Since this has been published several people (five so far) have written to me illustrating a number of factual problems with this piece.
David, I have created a fact check document that steps through the article one paragraph or subparagraph at a time. I have sent you that fact check Word document for your review. It is in an easy to read and annotate table format, with each paragraph or subparagraph having its own row with the article language in the left column and the fact check status in the right column. I find no factual errors in the article, but look forward to hearing back from you. Reasonable people can agree to disagree reasonably.

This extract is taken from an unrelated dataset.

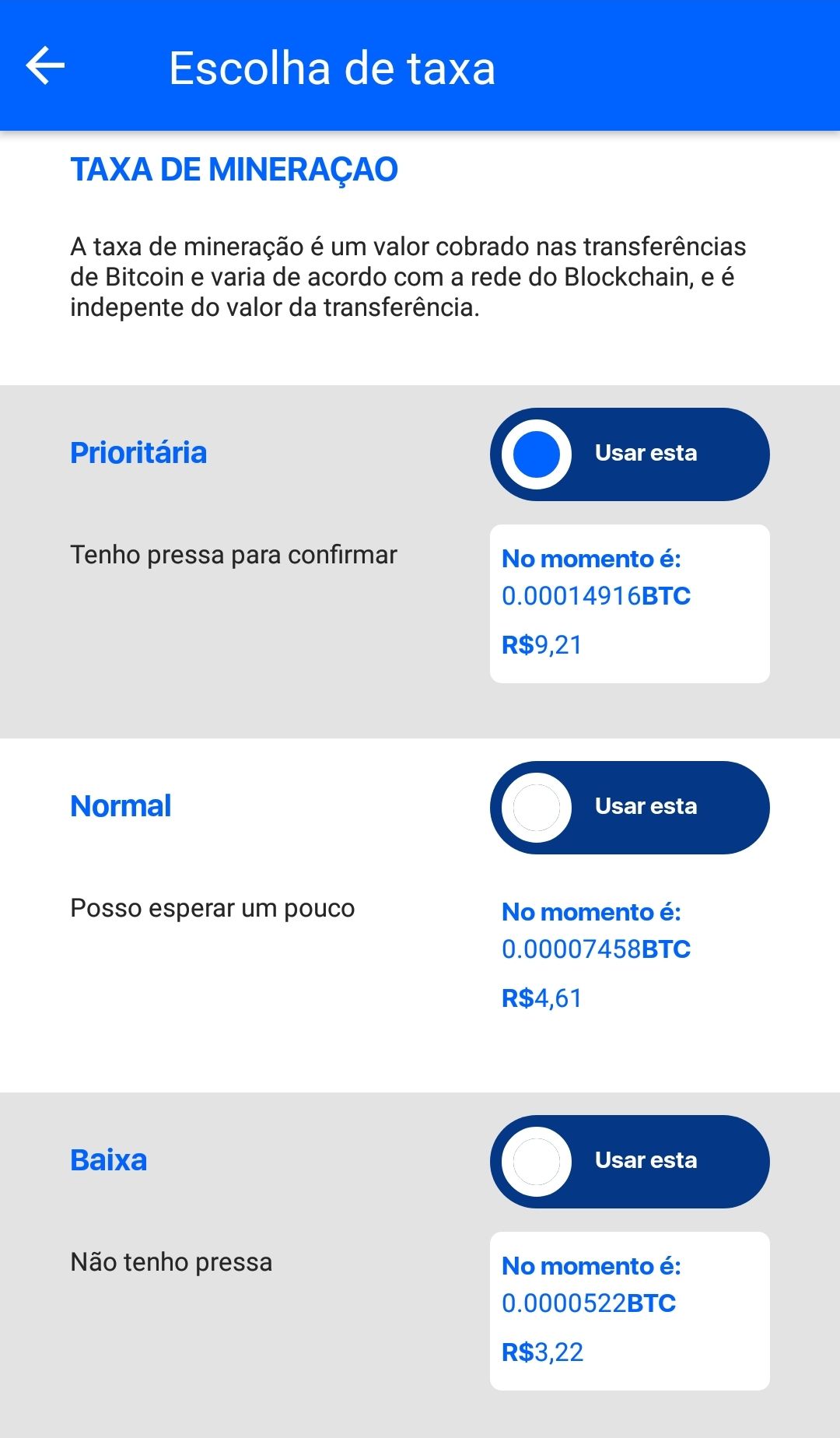 Existem três tipos de taxa de mineração, a prioritária, a normal e a baixa. E a Bitfy permite que você escolha qual taxa pagar.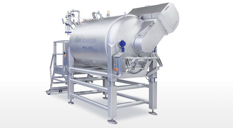 La première catégorie d'unités de massage pour les grandes capacités - très productives, puissantes et fiables, elles peuvent traiter des quantités allant jusqu'à 3000 kg ou 6000 kg.conçues selon le principe de la ligne : Les lignes de production équipées de plusieurs unités permettent un flux de produits idéal sans risque de croisement de chemins ou de contamination croisée.Une large gamme d'options permet l'incorporation dans tout processus de fabrication industrielle. De l'alimentation automatique par chargement sous vide à la vidange intelligente de la bande FLOWMAX commandée par programme, Schröder .

To the Vanguard readers, once David has had a chance to weigh in, I will post the mutually-reviewed fact check document here as a comment reply to David’s 8:58 comment.
Thank you.
As I may well do (citing factual issues)[, privately with the author, as we understand each other pretty well, differ on some things, congruent on others, but, “at the end of the day”, we can agree to disagree, respect one another, and be friends…
That latter thought might be a good model for the VG, its posters, and the community at large…
[Caveat/disclosure: when an engineer waxes philosophic, might just mean the ‘end of the world’… but as an engineer, ‘wired that way’ I mean what I say… it is also based on professionalism, and ethics, and I stand by what I have said]
Actually I believe the DISC proposal does “create affordable housing,” just not as much as the still-existing-but-superceded affordable housing requirement would require. They’re providing 15% (I assume, I haven’t looked at the plans) rather than 25%. It seems that the council has the authority to continue extending the variance and can be considered to have done so in putting this before the voters.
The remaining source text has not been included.